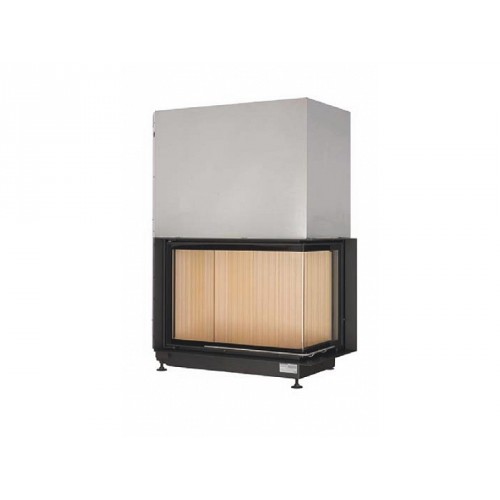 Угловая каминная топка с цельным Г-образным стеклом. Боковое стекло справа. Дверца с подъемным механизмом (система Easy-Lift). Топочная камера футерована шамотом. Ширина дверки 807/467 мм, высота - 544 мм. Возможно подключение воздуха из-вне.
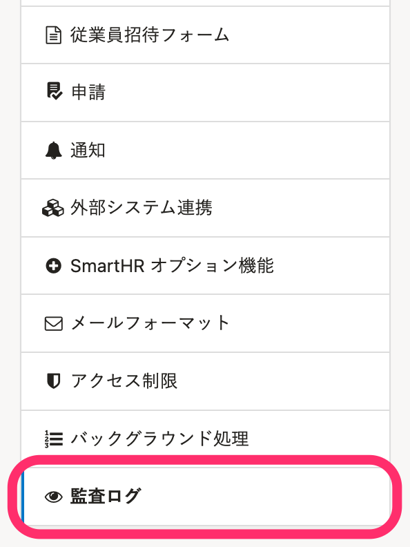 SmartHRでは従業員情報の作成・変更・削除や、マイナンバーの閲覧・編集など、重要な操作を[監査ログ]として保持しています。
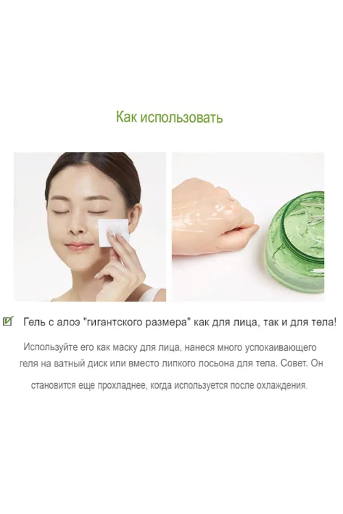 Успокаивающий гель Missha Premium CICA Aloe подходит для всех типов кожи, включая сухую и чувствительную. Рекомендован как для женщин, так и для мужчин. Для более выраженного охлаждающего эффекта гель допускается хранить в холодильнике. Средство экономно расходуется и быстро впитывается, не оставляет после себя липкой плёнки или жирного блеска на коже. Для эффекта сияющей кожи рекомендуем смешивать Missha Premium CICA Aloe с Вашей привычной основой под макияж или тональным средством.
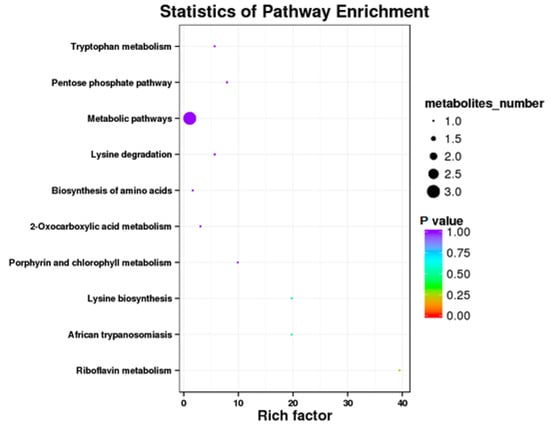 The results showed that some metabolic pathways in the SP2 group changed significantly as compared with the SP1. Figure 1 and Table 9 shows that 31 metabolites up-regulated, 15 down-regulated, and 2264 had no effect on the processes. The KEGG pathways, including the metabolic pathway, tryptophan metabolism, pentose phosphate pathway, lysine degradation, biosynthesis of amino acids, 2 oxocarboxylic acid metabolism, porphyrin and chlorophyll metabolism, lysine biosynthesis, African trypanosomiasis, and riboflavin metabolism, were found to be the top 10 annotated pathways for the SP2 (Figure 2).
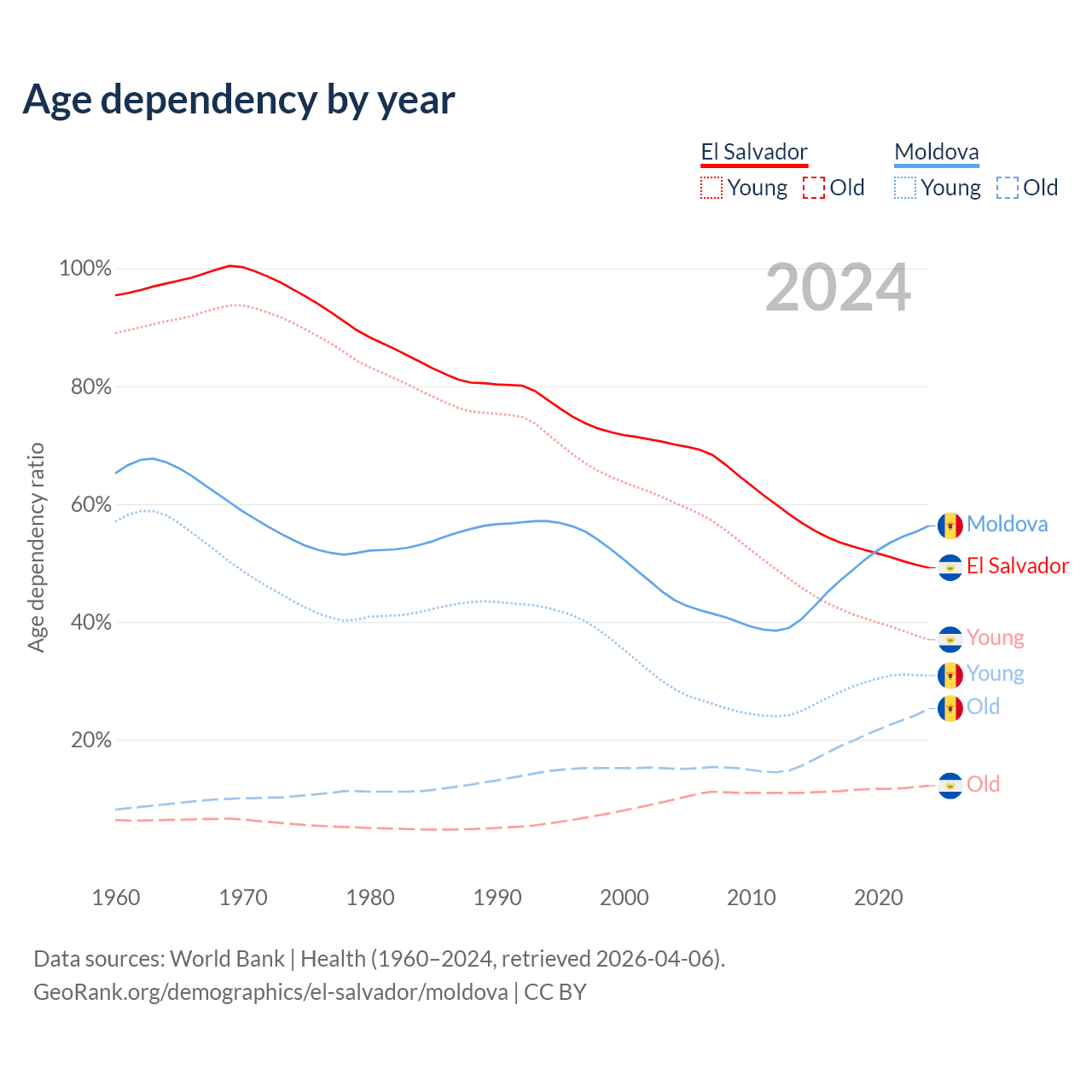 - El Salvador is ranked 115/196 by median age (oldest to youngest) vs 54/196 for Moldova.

· · ·

Exercise brief
Output the listing exactly, without images.

Response to the exercise
 Угловая каминная топка с цельным Г-образным стеклом. Боковое стекло справа. Дверца с подъемным механизмом (система Easy-Lift). Топочная камера футерована шамотом. Ширина дверки 807/467 мм, высота - 544 мм. Возможно подключение воздуха из-вне.
 SmartHRでは従業員情報の作成・変更・削除や、マイナンバーの閲覧・編集など、重要な操作を[監査ログ]として保持しています。
 Успокаивающий гель Missha Premium CICA Aloe подходит для всех типов кожи, включая сухую и чувствительную. Рекомендован как для женщин, так и для мужчин. Для более выраженного охлаждающего эффекта гель допускается хранить в холодильнике. Средство экономно расходуется и быстро впитывается, не оставляет после себя липкой плёнки или жирного блеска на коже. Для эффекта сияющей кожи рекомендуем смешивать Missha Premium CICA Aloe с Вашей привычной основой под макияж или тональным средством.
 The results showed that some metabolic pathways in the SP2 group changed significantly as compared with the SP1. Figure 1 and Table 9 shows that 31 metabolites up-regulated, 15 down-regulated, and 2264 had no effect on the processes. The KEGG pathways, including the metabolic pathway, tryptophan metabolism, pentose phosphate pathway, lysine degradation, biosynthesis of amino acids, 2 oxocarboxylic acid metabolism, porphyrin and chlorophyll metabolism, lysine biosynthesis, African trypanosomiasis, and riboflavin metabolism, were found to be the top 10 annotated pathways for the SP2 (Figure 2).
 - El Salvador is ranked 115/196 by median age (oldest to youngest) vs 54/196 for Moldova.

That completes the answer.